I don't think I understand how .git suffix can help. The issue the proposal tries to solve is stated in the description

If a project uses private dependencies or private forks to replace a dependency, managing the modules become an extra burden for the developers, who work on the project. Even though the dependency is an attribute of the project itself, it’s the responsibility of every developer of the project to define the correct values for GOPRIVATE, GONOPROXY, etc, which alters their "normal" development workflow.

My company uses private github repositories. In order to use Go modules in our projects, every developer or a contributer, has go through the additional onboarding, where they tune their .gitconfig and asked to "properly" set environment variables in order to work with the projects.

Does replace example.com/foo/bar vX.Y.Z => private.example.com/foo/bar.git vX.Y.Z not work?

If it does work, and the problem is that the versions don't track, then it seems like this could be solved less invasively using #28176.

Does replace example.com/foo/bar vX.Y.Z => private.example.com/foo/bar.git vX.Y.Z not work?

As far as I can tell it does not work with github.com and other "commonly-used VCS hosting sites" (refer to noVSCSuffix in cmd/go/internal/vcs/vcs.go). Go 1.15 gives you "invalid version control suffix in github.com/ path".

@bcmills, if a user could do

replace (
  github.com/foo/bar <version> => github.com/foo/bar.git <version>
)

forcing the use of git instead of https, that could solve it.
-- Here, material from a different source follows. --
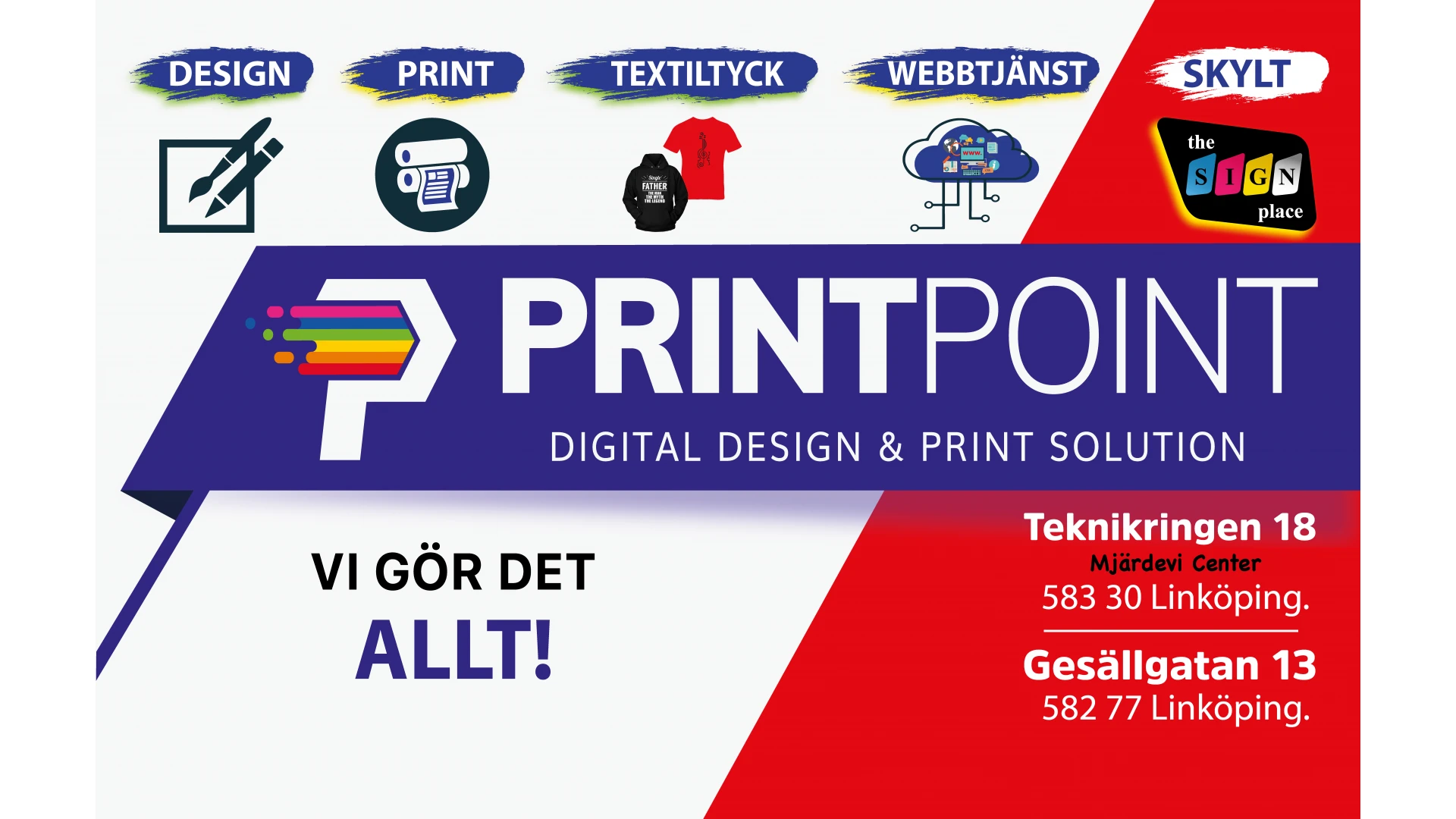 ”Vi valde PrintPoint för att deras styrkor är flexibilitet och tillförlitlighet. Vi uppskattar att PrintPoint tryckeri utöver skylten av våra affär, även tar hand om övriga beställningar och att vi kan lita på att det blir gjort. PrintPoint har även förmågan att ta fram nya idéer som passar för vår verksamhet.”

Wait, you initially said example.com!

github.com has its own special problems because cmd/go hard-codes the protocol for that domain — that's #26134, and shouldn't require a replace directive at all to fix.

Does replace example.com/foo/bar vX.Y.Z => private.example.com/foo/bar.git vX.Y.Z not work?

If it does work, and the problem is that the versions don't track, then it seems like this could be solved less invasively using #28176.

My company is also using private git repos over ssh, via a one-time $GOPRIVATE and $HOME/.gitconfig configuration per machine.

The above workaround does indeed work, but A) it requires additional configuration in every go.mod file, and B) the version tracking makes every dependency version update a manual process:

1. Update replace directives in the go.mod file to latest.
2. Run go get. The replace directives are updated with the latest version but the require statements are not updated.
3. Copy the updated version to each require statement.

It'd be nice if this manual process was not required. Even with #28176 resolved, a better approach might be to integrate the package<>VCS mapping into the existing one-time machine configuration (not per package) -- something like #45611.